→ **What to do**
Each line of the material below is to be written out exactly. Leave out any picture.

** Stored data follows **

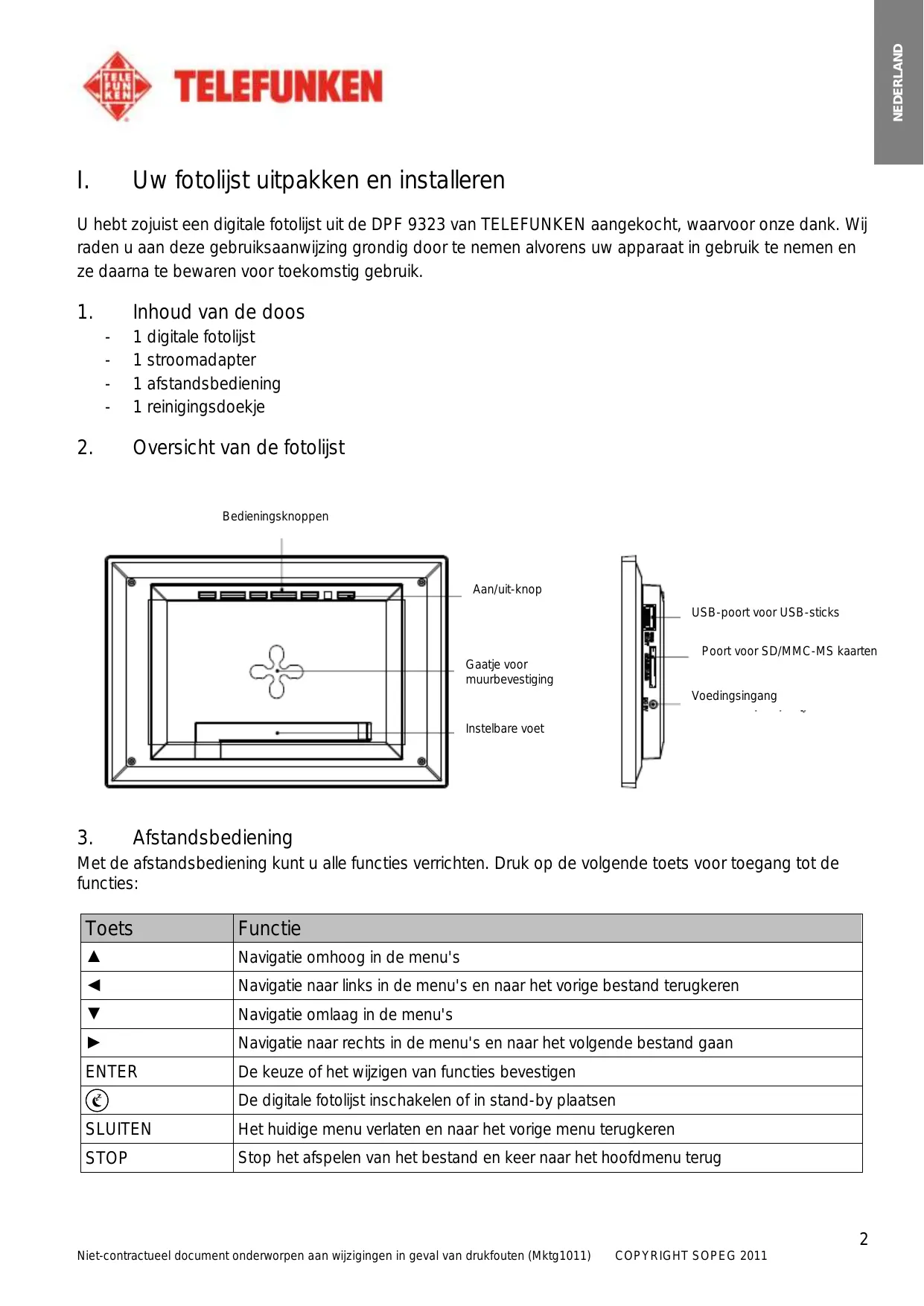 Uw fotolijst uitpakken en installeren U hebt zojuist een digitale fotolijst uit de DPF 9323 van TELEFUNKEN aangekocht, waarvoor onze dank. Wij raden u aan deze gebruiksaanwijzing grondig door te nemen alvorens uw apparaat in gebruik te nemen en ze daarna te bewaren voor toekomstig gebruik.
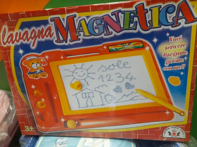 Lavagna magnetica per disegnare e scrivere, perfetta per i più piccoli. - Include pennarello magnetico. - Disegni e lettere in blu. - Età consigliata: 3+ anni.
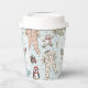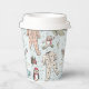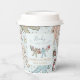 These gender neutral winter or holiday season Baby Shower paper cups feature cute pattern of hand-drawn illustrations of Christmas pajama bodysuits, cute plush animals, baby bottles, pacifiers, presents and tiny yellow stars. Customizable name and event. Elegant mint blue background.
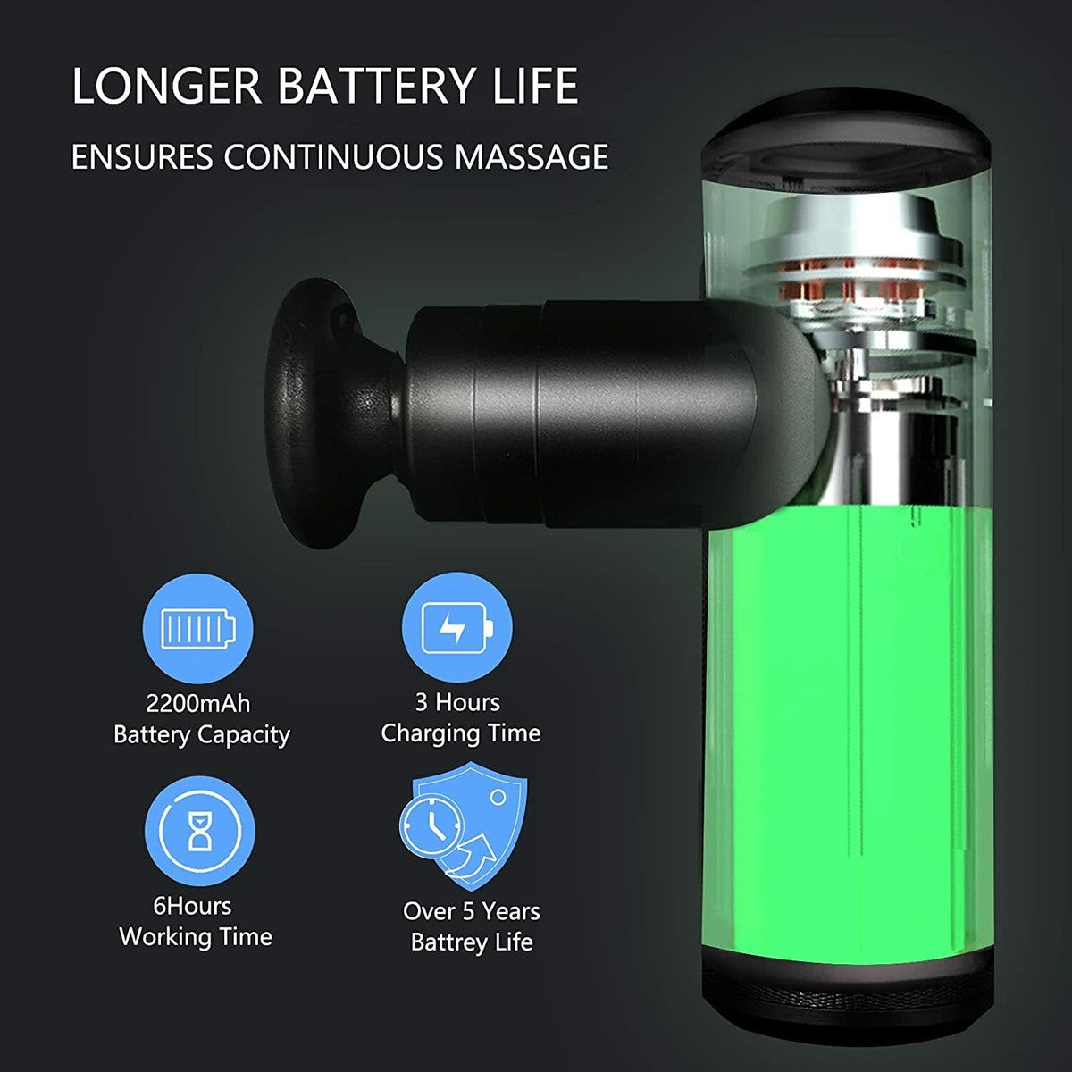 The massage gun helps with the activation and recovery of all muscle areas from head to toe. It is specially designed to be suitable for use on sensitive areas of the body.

** End of Stored data **

→ **Finished exercise**
 Uw fotolijst uitpakken en installeren U hebt zojuist een digitale fotolijst uit de DPF 9323 van TELEFUNKEN aangekocht, waarvoor onze dank. Wij raden u aan deze gebruiksaanwijzing grondig door te nemen alvorens uw apparaat in gebruik te nemen en ze daarna te bewaren voor toekomstig gebruik.
 Lavagna magnetica per disegnare e scrivere, perfetta per i più piccoli. - Include pennarello magnetico. - Disegni e lettere in blu. - Età consigliata: 3+ anni.
 These gender neutral winter or holiday season Baby Shower paper cups feature cute pattern of hand-drawn illustrations of Christmas pajama bodysuits, cute plush animals, baby bottles, pacifiers, presents and tiny yellow stars. Customizable name and event. Elegant mint blue background.
 The massage gun helps with the activation and recovery of all muscle areas from head to toe. It is specially designed to be suitable for use on sensitive areas of the body.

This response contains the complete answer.